▸ **Available data**
......

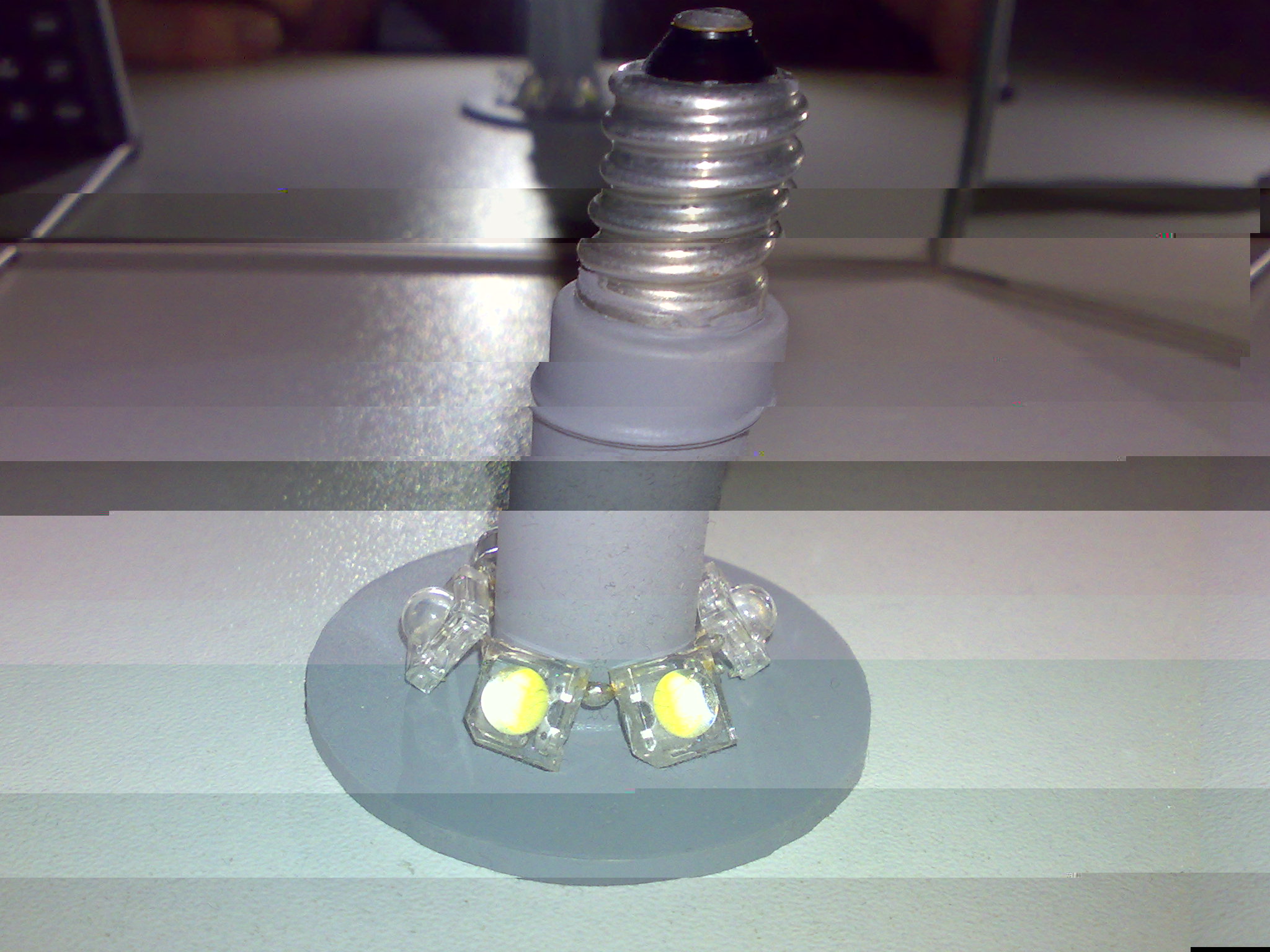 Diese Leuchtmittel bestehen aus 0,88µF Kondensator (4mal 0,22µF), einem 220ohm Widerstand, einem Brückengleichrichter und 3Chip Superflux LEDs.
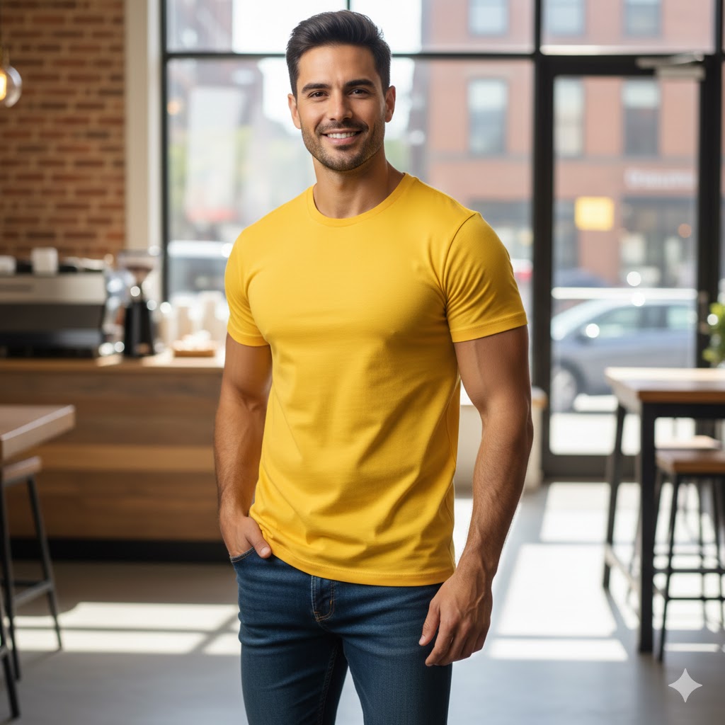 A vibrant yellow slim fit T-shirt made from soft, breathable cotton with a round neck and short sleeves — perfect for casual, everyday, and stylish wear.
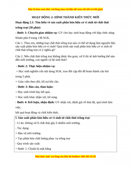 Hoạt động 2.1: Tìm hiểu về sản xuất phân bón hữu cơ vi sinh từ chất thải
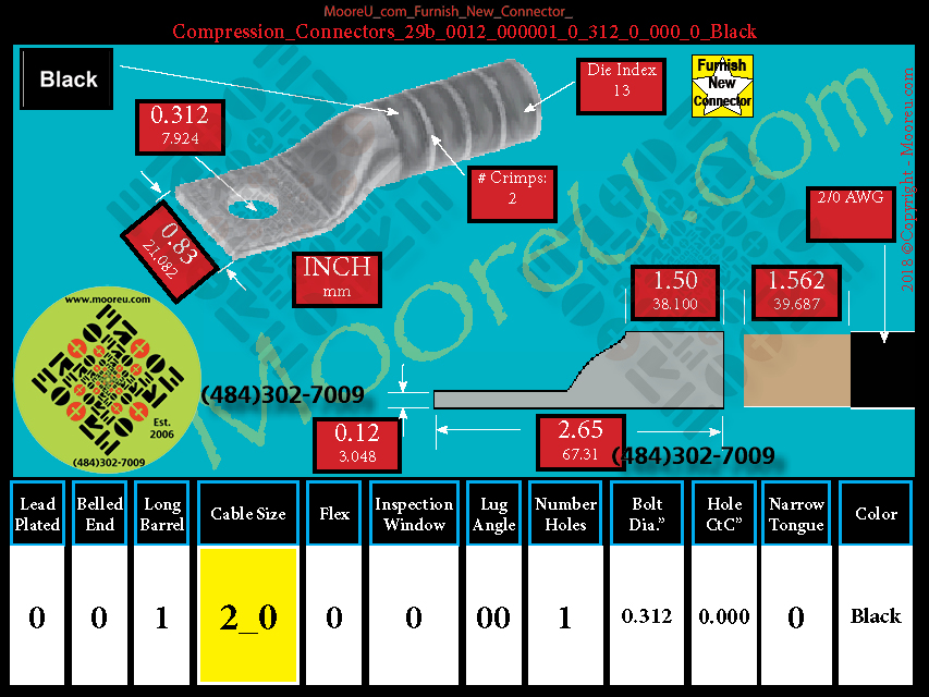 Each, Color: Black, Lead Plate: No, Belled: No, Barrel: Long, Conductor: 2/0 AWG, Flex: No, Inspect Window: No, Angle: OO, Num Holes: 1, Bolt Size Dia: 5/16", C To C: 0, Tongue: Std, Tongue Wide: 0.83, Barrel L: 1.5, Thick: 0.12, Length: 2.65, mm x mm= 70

......

In your output, repeat the listing above exactly and include none of the pictures.

 Diese Leuchtmittel bestehen aus 0,88µF Kondensator (4mal 0,22µF), einem 220ohm Widerstand, einem Brückengleichrichter und 3Chip Superflux LEDs.
 A vibrant yellow slim fit T-shirt made from soft, breathable cotton with a round neck and short sleeves — perfect for casual, everyday, and stylish wear.
 Hoạt động 2.1: Tìm hiểu về sản xuất phân bón hữu cơ vi sinh từ chất thải
 Each, Color: Black, Lead Plate: No, Belled: No, Barrel: Long, Conductor: 2/0 AWG, Flex: No, Inspect Window: No, Angle: OO, Num Holes: 1, Bolt Size Dia: 5/16", C To C: 0, Tongue: Std, Tongue Wide: 0.83, Barrel L: 1.5, Thick: 0.12, Length: 2.65, mm x mm= 70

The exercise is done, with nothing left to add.